One American, Paul Zeitz, reported that when he visited the Moscow in 2006, many mathematicians assumed that the former Soviet bloc had come out ahead in the competition for supremacy in math education. Eastern Europeans had “math circles,” clubs which included people across a range of skill sets in collective problem-solving of questions to which they genuinely did not know the answers. The semi-competitive nature of these circles complemented math Olympiads.[5] In 2006, Zeitz and others were especially impressed by mathematician Alexander Zvonkin (b. 1948)’s work with math circles for preschool children. Zvonkin worked with a small group of individual children, including his son and then daughter, and focused on their own independent psychological development. This focus differed greatly from the “’theory of step-by-step formulation of mental actions’ once so popular in the USSR,”[6] and the state-led approach taken by computer education summer schools. Perhaps for this reason, his story has thus been left out of the emerging field of computer history.[7]

Zvonkin published his journals serially, and Zeitz helped him translate the book into an American edition called Math From Three to Seven. In the book, Zvonkin reflected on the Cold War technological disparity between the US and the USSR. His math circles led him to develop a programming language (not computer software) much like Papert’s Logo.

“In 1981, there already exited a programming language for children, namely, Logo. Like Kid, Logo’s objective was to control the movements of an object (a turtle). However, Logo was much better developed and, more important, was an existing software product. For this reason, today our invention seems rather like a wooden bicycle. I even hesitated to include it in this book. But then I decided that it would be a pity to discard a whole bunch of puzzles as well as the enthusiasm our project had generated first among us, the adults, and then among the kids who were naturally carried away by our excitement. Besides, back then we didn’t even know about Logo, and not only did we not have computers, we didn’t even dream of having them. And, if you think about it, the invention of wooden bicycles is not that stupid. (This subject is surely worth discussing someday.)”[8]

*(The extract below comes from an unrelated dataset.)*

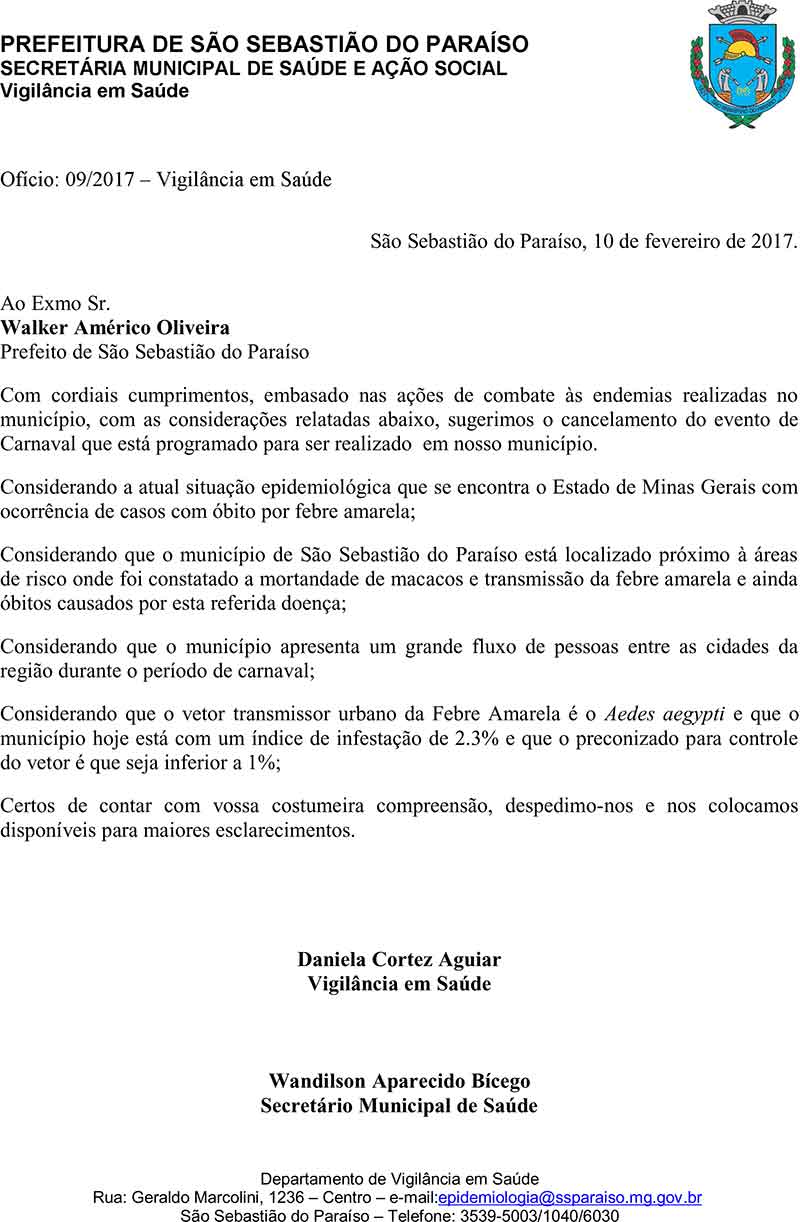 Ainda de acordo com as justificativas apresentadas, o município apresenta grande fluxo de pessoas entre as cidades da região durante o período de carnaval. "Considerando que o vetor transmissor urbano da Febre Amarela é o Aedes aegypti e que o município hoje está com um índice de infestação de 2,3% e que o preconizado para controle do vetor é que seja inferior a 1%, a representante da Vigilância em Saúde, junto com o secretário municipal de Saúde, Wandilson Bícego, sugerem o cancelamento do evento de Carnaval que está programado para ser realizado no município”. A solicitação foi acatada pelo prefeito Walkinho.

The subject is indeed worth discussing in the wake of the AI revolution. In retrospect, we can see how much Zvonkin’s “wooden bicycle” anticipated the “PC era” of children’s computing education. I assert that Kid is especially relevant precisely because Zvonkin’s child-centered approach did not get buried in technology.

Alexander Zvonkin and his children and grandchildren on December 31, 2023. Taken from https://www.labri.fr/perso/zvonkin/

Kid bore remarkable similarities to Logo because both are based on child-centered educational psychology. They were inspired by Jean Piaget (1896-1980), who found that children misunderstand certain basic mathematical principles, such as the idea that a set number of items remain consistent even as they are spread out over space; this insight demonstrated that children have their own developmental understanding of mathematics. Margarita Boenig-Liptsin has shown that Seymour Papert’s work with Jean Piaget was instrumental for his later work on Logo. Papert hoped that Logo could help education become less top-down drilling of math problems, and instead allow children a more bottom-up approach and more “fluency” in mathematics, as one would learn a foreign language. Like Papert, Zvonkin became interested in working directly with children and unlocking the ways that children naturally learn elements of language, especially classification.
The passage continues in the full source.